▶ _Problem to solve_
From the listing below, please restate exactly the lines beginning at the one with "This 7.25 inch" and ending at the one with "4、接着点击召唤按钮,就能抽", both included, and skip the pictures.

▶ _Entries shown_
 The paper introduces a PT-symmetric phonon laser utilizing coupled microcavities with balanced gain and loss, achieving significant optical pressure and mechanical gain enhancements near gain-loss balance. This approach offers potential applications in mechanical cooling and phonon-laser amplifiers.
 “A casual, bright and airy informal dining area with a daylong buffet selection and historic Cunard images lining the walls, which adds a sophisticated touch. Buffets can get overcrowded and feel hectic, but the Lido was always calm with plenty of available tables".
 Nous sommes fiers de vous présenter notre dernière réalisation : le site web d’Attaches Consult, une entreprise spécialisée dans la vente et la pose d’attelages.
...
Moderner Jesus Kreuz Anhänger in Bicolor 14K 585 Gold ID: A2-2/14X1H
...
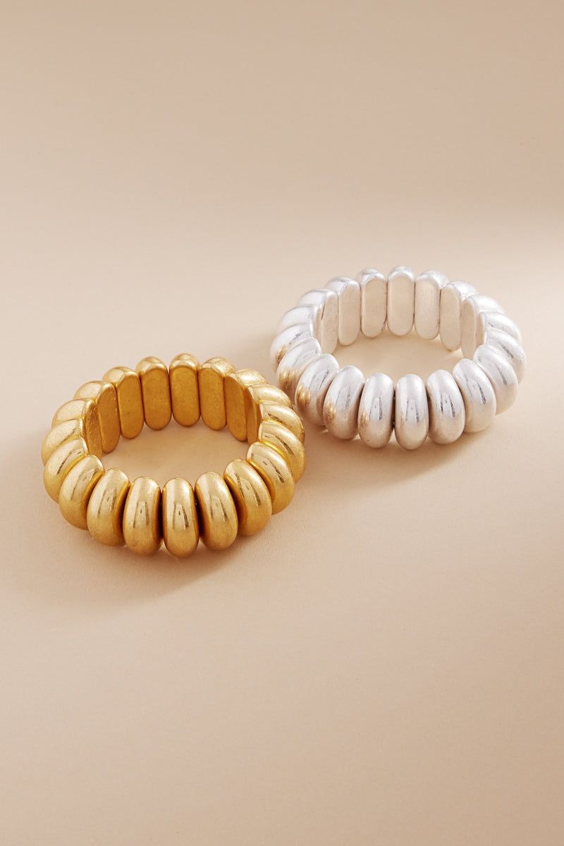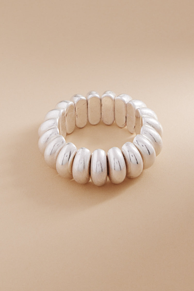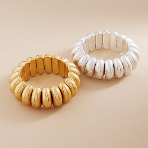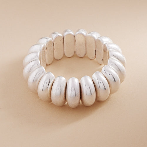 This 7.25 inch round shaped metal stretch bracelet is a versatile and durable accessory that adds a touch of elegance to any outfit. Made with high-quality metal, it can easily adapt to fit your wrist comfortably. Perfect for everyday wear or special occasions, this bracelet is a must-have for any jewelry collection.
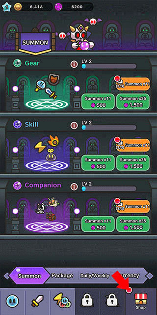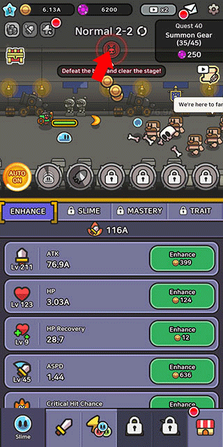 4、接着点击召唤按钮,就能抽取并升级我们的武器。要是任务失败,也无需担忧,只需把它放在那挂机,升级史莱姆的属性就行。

▶ _Result of the task_
 This 7.25 inch round shaped metal stretch bracelet is a versatile and durable accessory that adds a touch of elegance to any outfit. Made with high-quality metal, it can easily adapt to fit your wrist comfortably. Perfect for everyday wear or special occasions, this bracelet is a must-have for any jewelry collection.
 4、接着点击召唤按钮,就能抽取并升级我们的武器。要是任务失败,也无需担忧,只需把它放在那挂机,升级史莱姆的属性就行。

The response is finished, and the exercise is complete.